N. As declarações do Assistente estão desprovidas de valor probatório pleno e são apreciadas nos termos do 361.º do CC e 455.º do CPC, encontrando-se ao mesmo plano da prova testemunhal e, por isso, sujeita às mesmas restrições que aquela.
O. Ao atender ao depoimento do assistente nos termos em que se faz na douta sentença foi infringida a proibição de prova imposta pelo n.º 2 do art.º. 394º do Código Civil e assim trata-se de matéria excluída à regra de liberdade de julgamento, consagrada no n.º 1 do art.º 655.º do CPC devendo-se ter como não provados os factos vertidos nos pontos 12 a 16 do elenco dos factos provados.
Sem prescindir,
P. Devem ser considerados não provados os factos supra transcritos e descritos na sentença como matéria de facto provada sob ponto 12) a 16) por não se ter feito prova dos mesmos conforme resulta da prova.
Q. O depoimento do assistente da Ré, particularmente contra documento autêntico, não foi valorado atendendo as circunstâncias e a posição na causa e de quem o requereu.
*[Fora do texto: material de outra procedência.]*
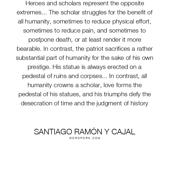 Heroes and scholars represent the opposite extremes... The scholar struggles for the benefit of all humanity, sometimes to reduce physical effort, sometimes to reduce pain, and sometimes to postpone death, or at least render it more bearable. In contrast, the patriot sacrifices a rather substantial part of humanity for the sake of his own prestige. His statue is always erected on a pedestal of ruins and corpses... In contrast, all humanity crowns a scholar, love forms the pedestal of his statues, and his triumphs defy the desecration of time and the judgment of history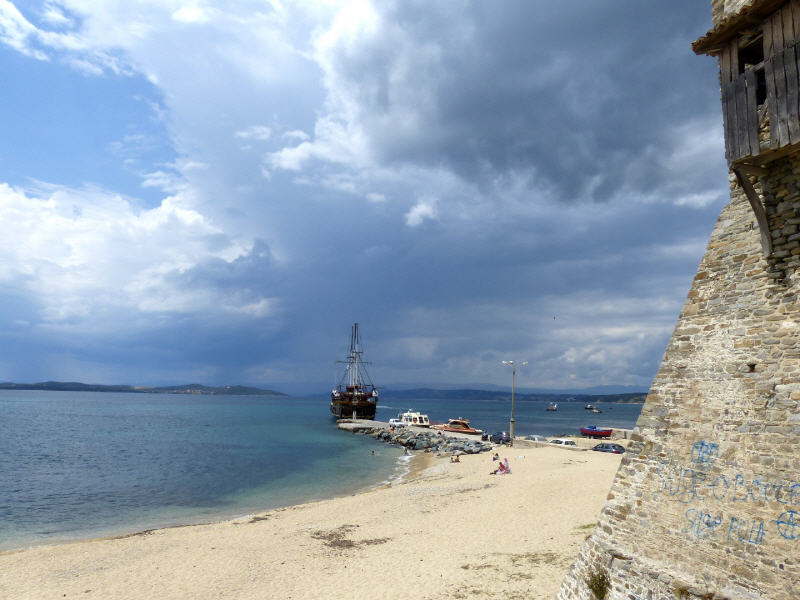 Einer der spannendsten Ausflüge beginnt 10 Autominuten vom Resort entfernt im Hafen des kleinen Ortes Ouranoupolis. Eine Schiffs-Tour führt an dem mehrere Dutzend Kilometer langen Küstenstreifen der Mönchs-Republik Athos entlang. Hier thronen, meist in die Felsen gehauen, Jahrhunderte alte Klöster, umgeben vom Grün.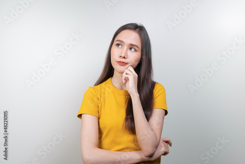 asian woman in color casual dress thinking and imagination isolated on pink background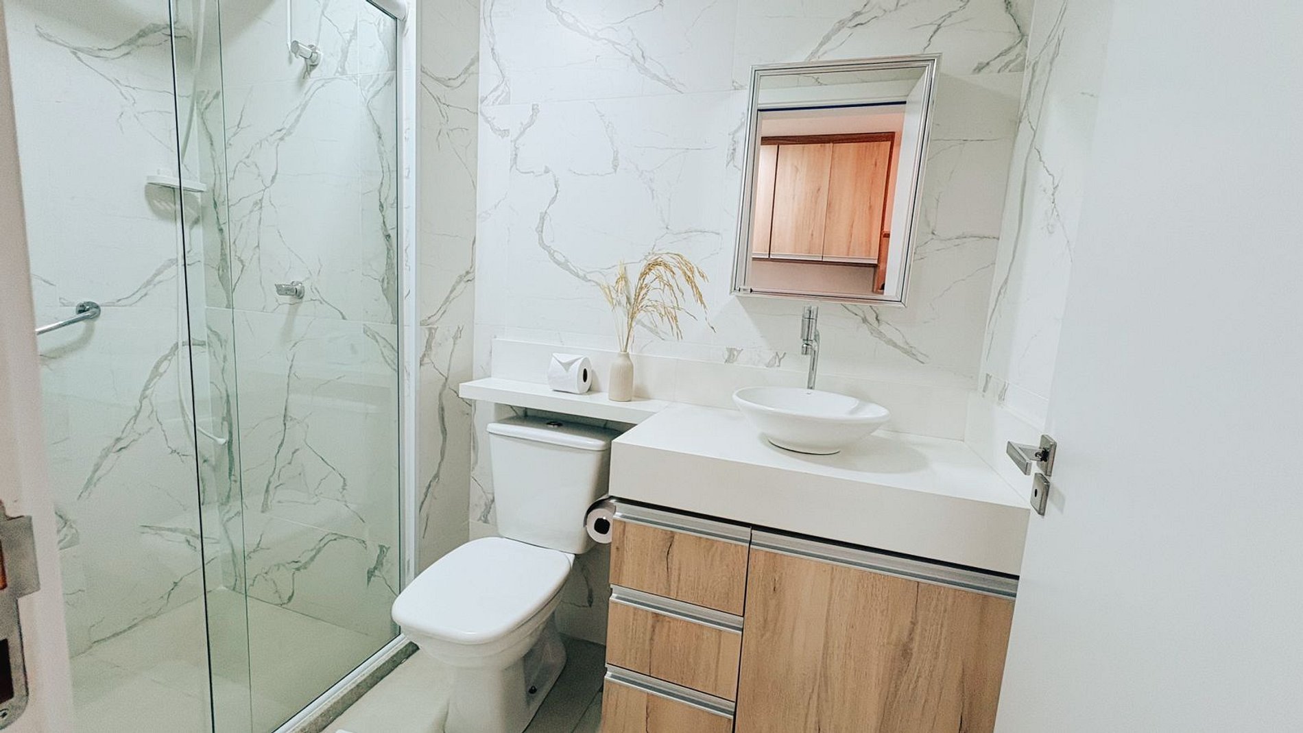 Nas áreas comuns, os hóspedes podem desfrutar de piscina, academia, espaço com churrasqueira e coworking — ambientes ideais tanto para momentos de lazer quanto para trabalho.

Ademais resultou inequívoco do seu depoimento uma duvidosa fiabilidade só ultrapassada, e mesmo assim de forma errática, pela adesão fática a informação retirada quer do questionário, quer lendo texto;
S. Ainda que sob o princípio da livre apreciação, o Tribunal a quo não considerou as circunstâncias especificas do associado e a sua posição na causa, até porque este não foi capaz de ser claro quanto à falta de liquidez no momento da celebração do contrato promessa, não conseguiu identificar o momento em tal ocorreu, nem soube descrever o alegado empréstimo ou como o evidenciou ao Autor, tão pouco as quantias alegadas e entregues; não foi claro porque motivo o Autor exigiu a alegada garantia para os 50 mil e não para as supostas outras entregas; não soube explicar porque no mínimo não fez constar do documento essa realidade; foi taxativo em referir que não estava prevista qualquer remuneração para o referido processo o que inviabilizada desde logo os factos dados como provados e o contexto referido da clausula alegadamente remuneratória; não foi capaz de expor o alegado prazo, a própria tese do motivo para o qual necessitaria de liquidez é disruptiva com qualquer senso comum e lógica, no momento em que o país vive em Pandemia e as pessoas pedem moratórias ao Banco, o associado vislumbra transformar €150.000 em €1.300.000, em 3 meses.
T. Ofende os juízos da experiência comum e da racionalidade que se forme convicção probatória em que se crê que a Ré, amiga de há mais de 20 anos, Private broker, dê de garantia um imóvel seu ao seu associado para garantir um empréstimo deste por três meses, conhecendo a sua insolvência e indisponibilidade financeira!!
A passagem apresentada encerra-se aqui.